И вот пригребли уже челны к берегу высокому. Расфрантившиеся казаки молодцевато выскакивали на мокрый песок. Городская беднота предупредительно вырывала у них из рук чалки и сама крепила их, довольная, что может служить таким именитым гостям. И не успел Степан ступить на берег, как его окружили уже казаки, только что прибывшие с Дона.
– Батюшка, Степан Тимофеевич, к твоей милости!.. Защити, отец…

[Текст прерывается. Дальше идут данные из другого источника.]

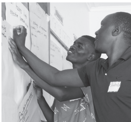
Peacebuilding and community development participants practice facilitating a workshop.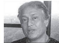
Amjad Ali Khan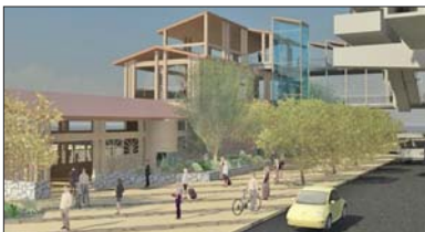
Waipahu Transit Center entrance

For updates on the Honolulu Rail Transit Project, check the project website at www.honolulurailtransit.org or con-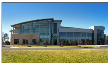
Brookhaven's Center for Functional Nanomaterials

The Brookhaven Center for Functional Nanomaterials (CFN) will be a hub for cutting-edge nanoscience studies. The scientific goals of the CFN are primarily aligned with addressing our national challenges in energy. Nanostructured materials may enable energy-efficient processes and devices for alternatives to fossil fuels, in the form of efficient catalysts, fuel cells, photovoltaic (solar cell) elements, or solid-state lighting. Research programs in the CFN focus on three key areas: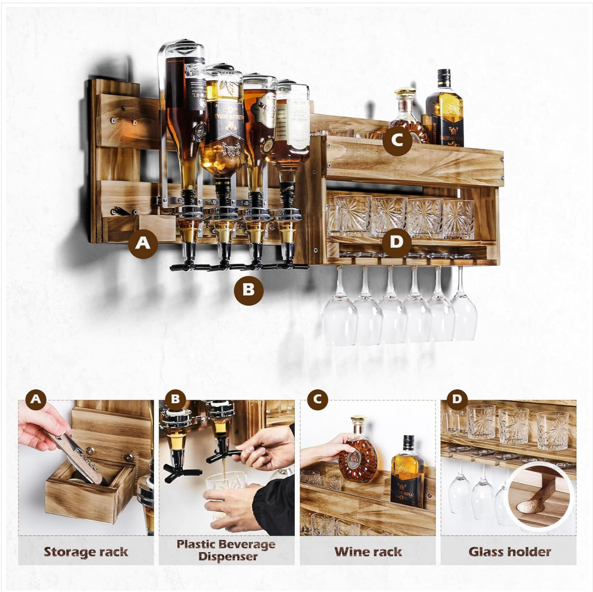
Figure 2: Breakdown of the wine rack's features: (A) Storage area, (B) Plastic Beverage Dispenser, (C) Wine bottle shelf, (D) Glass holder.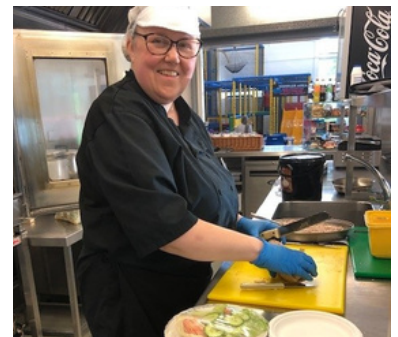
Futures Cafe Cook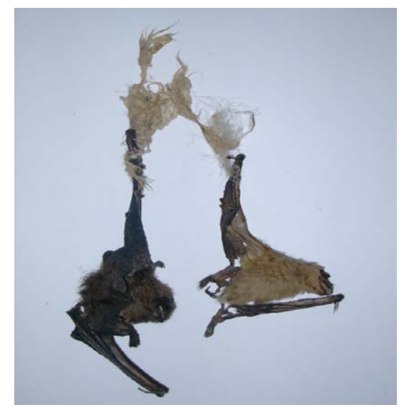
Fig.5. Two serotine bats found dead after becoming tangled in SBBP fibres pulled loose from a BRM

In some species, the calls of distressed bats may attract other bats from within the roost to the area of danger, and with such behaviour recorded (Dietz et al., 2009) this problem has the potential not to just affect individuals but larger numbers within the roost (Fig. 6).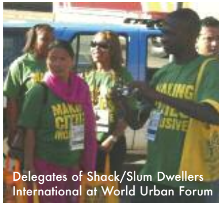
Delegates of Shack/Slum Dwellers International at World Urban Forum

– Что такое? – строго нахмурился Степан.
– Да помилуй, отец: воевода царицынский житья не дает… – загалдели враз казаки. – Мы приехали с Дона за солью, а он дерет с нас по алтыну с дуги… А у меня пару коней отнял, с возом и с хомутами… А у меня пищаль изнишил…
– Идем… Все за мной!..
Во главе возбужденной толпы Степан нагрянул в Приказную Избу. Из лица серый, сразу весь притихший, воевода вышел на крыльцо.
– Ты взял с них по алтыну с дуги?
– Взял…
– Вороти каждому по два алтына… Понял?
– Понял.
– У тебя что он взял? Пищаль, что ли?
– Пищаль, Степан Тимофеевич, пищаль, родимый…
– Сичас воевода тебе вынесет пищаль и рубль за беспокойство. А у тебя коней отобрали?
– Пару коней и с хомутом…
– Сичас получишь своих коней и рубль за бесчестье… У кого что еще не так?
Все претензии были выслушаны, решения постановлены, и Степан погрозил воеводе пальцем в дорогих перстнях:
– Смотри у меня!.. Ежели я еще раз такое услышу, живым у меня не уйдешь… мне начхать, что ты воевода…
– Атаман… – вступился было подоспевший Плохово.
– Никшни!.. – цыкнул Степан. – Довольно!.. Эй, казаки, посадите провожатого нашего в какое ни на есть суденышко и отправьте его скорым обычаем в Астрахань обратно: надоел – и живо!..
Тем временем Иван Черноярец рассчитывался на берегу с баушкой Степанидой.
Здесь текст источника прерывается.